What the exercise asks> Omit all pictures, then repeat the listing exactly.

Data>

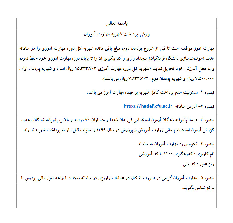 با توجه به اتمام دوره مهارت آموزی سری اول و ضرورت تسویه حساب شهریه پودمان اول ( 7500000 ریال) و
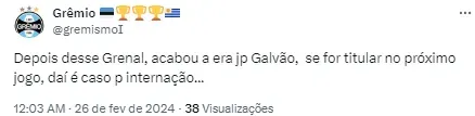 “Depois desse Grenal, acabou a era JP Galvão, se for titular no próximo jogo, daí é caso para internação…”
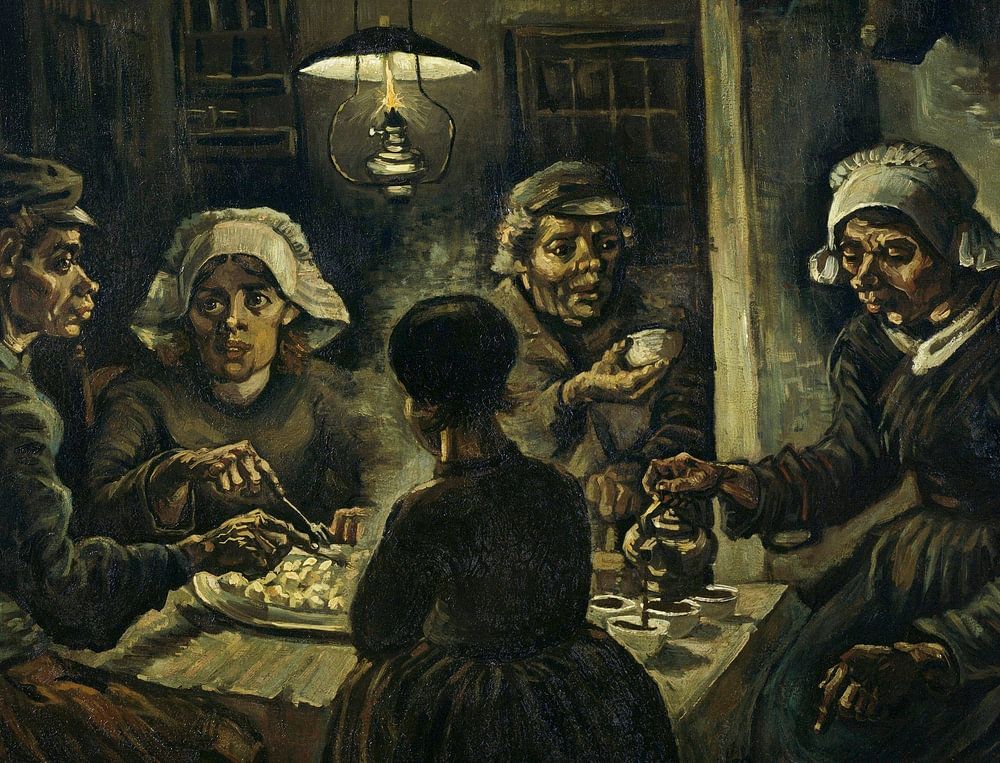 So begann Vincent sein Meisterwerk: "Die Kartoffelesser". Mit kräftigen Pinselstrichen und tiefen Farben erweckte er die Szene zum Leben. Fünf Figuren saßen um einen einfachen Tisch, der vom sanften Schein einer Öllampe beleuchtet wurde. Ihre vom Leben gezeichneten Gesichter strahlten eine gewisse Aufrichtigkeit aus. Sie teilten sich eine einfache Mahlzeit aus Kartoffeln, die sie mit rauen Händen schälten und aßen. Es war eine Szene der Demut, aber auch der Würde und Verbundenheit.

Answer section>
 با توجه به اتمام دوره مهارت آموزی سری اول و ضرورت تسویه حساب شهریه پودمان اول ( 7500000 ریال) و
 “Depois desse Grenal, acabou a era JP Galvão, se for titular no próximo jogo, daí é caso para internação…”
 So begann Vincent sein Meisterwerk: "Die Kartoffelesser". Mit kräftigen Pinselstrichen und tiefen Farben erweckte er die Szene zum Leben. Fünf Figuren saßen um einen einfachen Tisch, der vom sanften Schein einer Öllampe beleuchtet wurde. Ihre vom Leben gezeichneten Gesichter strahlten eine gewisse Aufrichtigkeit aus. Sie teilten sich eine einfache Mahlzeit aus Kartoffeln, die sie mit rauen Händen schälten und aßen. Es war eine Szene der Demut, aber auch der Würde und Verbundenheit.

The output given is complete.